_Exercise details_:
The full listing should be written out verbatim, and its images should be dropped.

_Raw data_:

- Opening Delimiter -

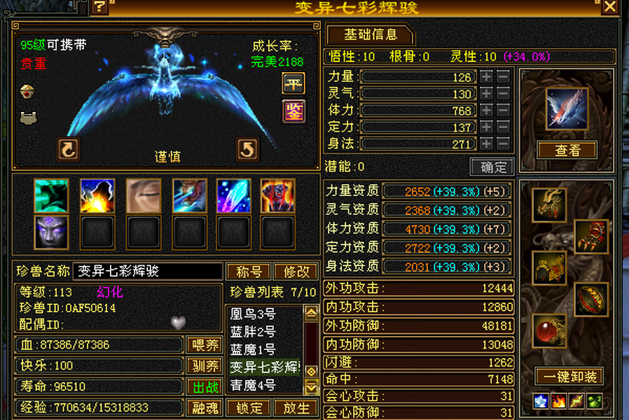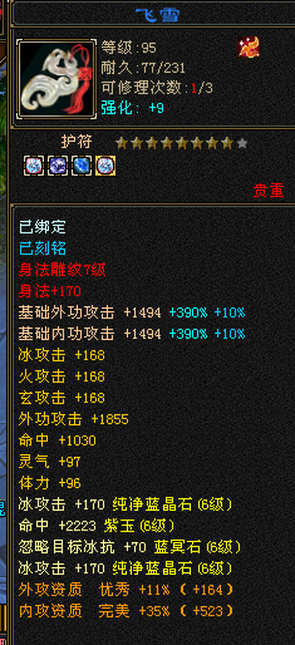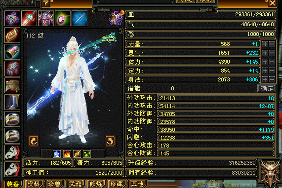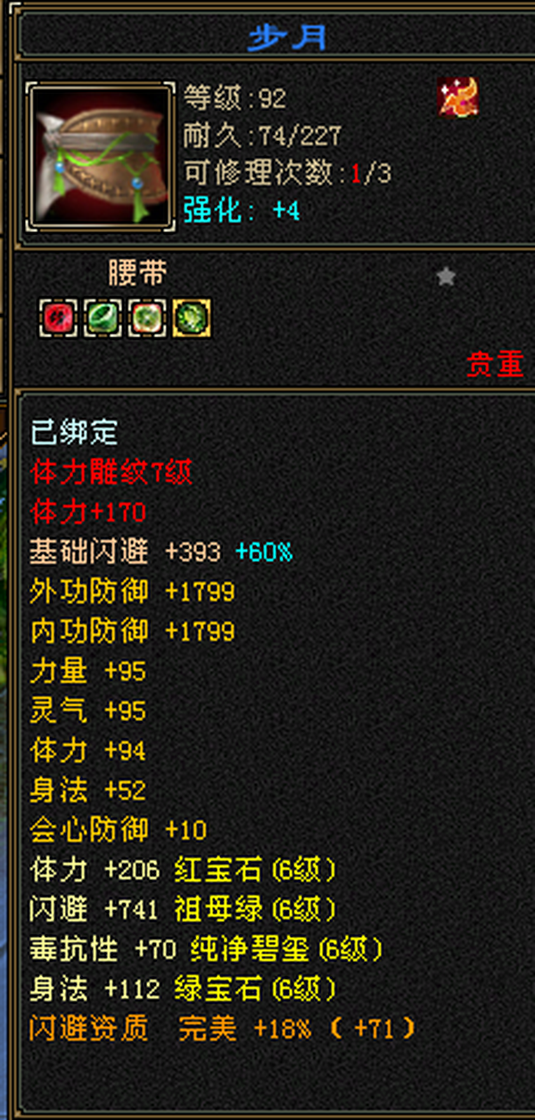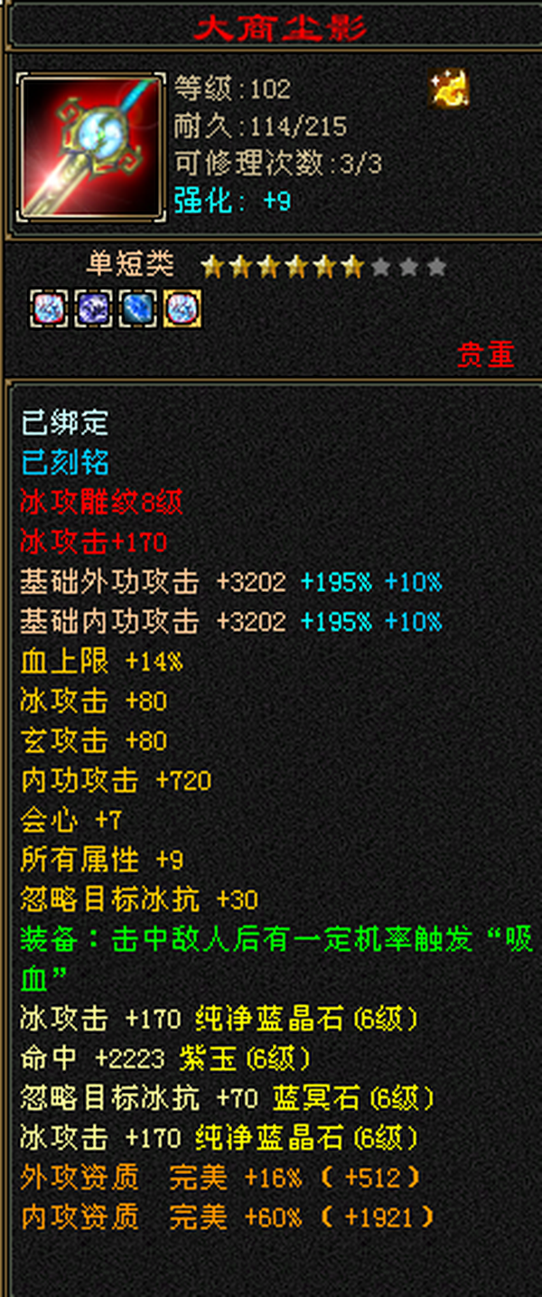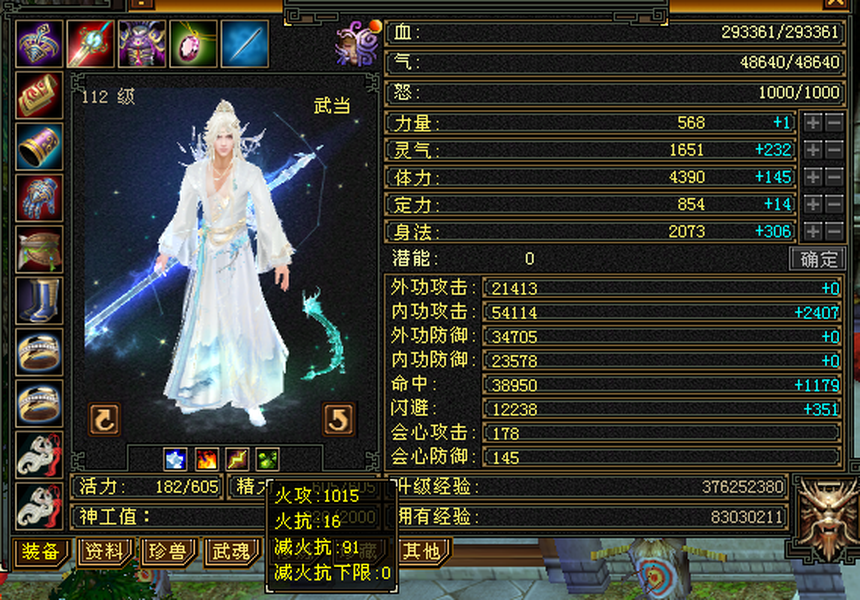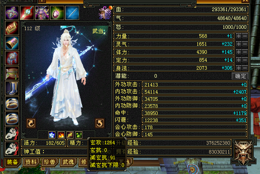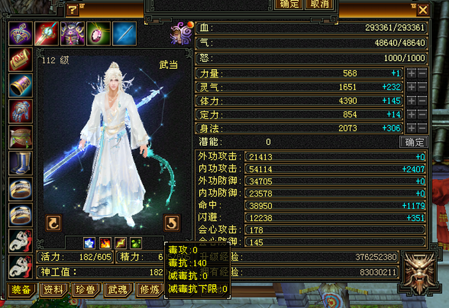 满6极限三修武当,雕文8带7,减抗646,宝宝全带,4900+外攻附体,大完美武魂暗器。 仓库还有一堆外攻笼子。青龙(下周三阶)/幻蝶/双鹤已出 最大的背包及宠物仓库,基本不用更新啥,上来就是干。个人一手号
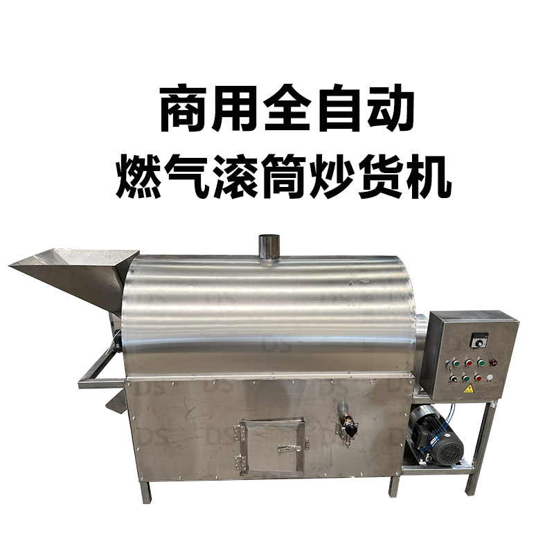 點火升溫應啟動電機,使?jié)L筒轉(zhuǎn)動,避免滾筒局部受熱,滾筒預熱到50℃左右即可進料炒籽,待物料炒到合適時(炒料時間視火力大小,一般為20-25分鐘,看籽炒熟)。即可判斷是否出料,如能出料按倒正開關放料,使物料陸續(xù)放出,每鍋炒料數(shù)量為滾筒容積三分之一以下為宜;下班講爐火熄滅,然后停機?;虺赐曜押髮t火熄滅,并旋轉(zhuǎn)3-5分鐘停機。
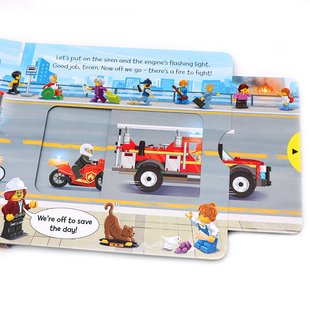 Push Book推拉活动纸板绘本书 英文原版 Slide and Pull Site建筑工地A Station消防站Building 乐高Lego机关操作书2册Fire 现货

- Closing Delimiter -

_Solution_:
 满6极限三修武当,雕文8带7,减抗646,宝宝全带,4900+外攻附体,大完美武魂暗器。 仓库还有一堆外攻笼子。青龙(下周三阶)/幻蝶/双鹤已出 最大的背包及宠物仓库,基本不用更新啥,上来就是干。个人一手号
 點火升溫應啟動電機,使?jié)L筒轉(zhuǎn)動,避免滾筒局部受熱,滾筒預熱到50℃左右即可進料炒籽,待物料炒到合適時(炒料時間視火力大小,一般為20-25分鐘,看籽炒熟)。即可判斷是否出料,如能出料按倒正開關放料,使物料陸續(xù)放出,每鍋炒料數(shù)量為滾筒容積三分之一以下為宜;下班講爐火熄滅,然后停機?;虺赐曜押髮t火熄滅,并旋轉(zhuǎn)3-5分鐘停機。
 Push Book推拉活动纸板绘本书 英文原版 Slide and Pull Site建筑工地A Station消防站Building 乐高Lego机关操作书2册Fire 现货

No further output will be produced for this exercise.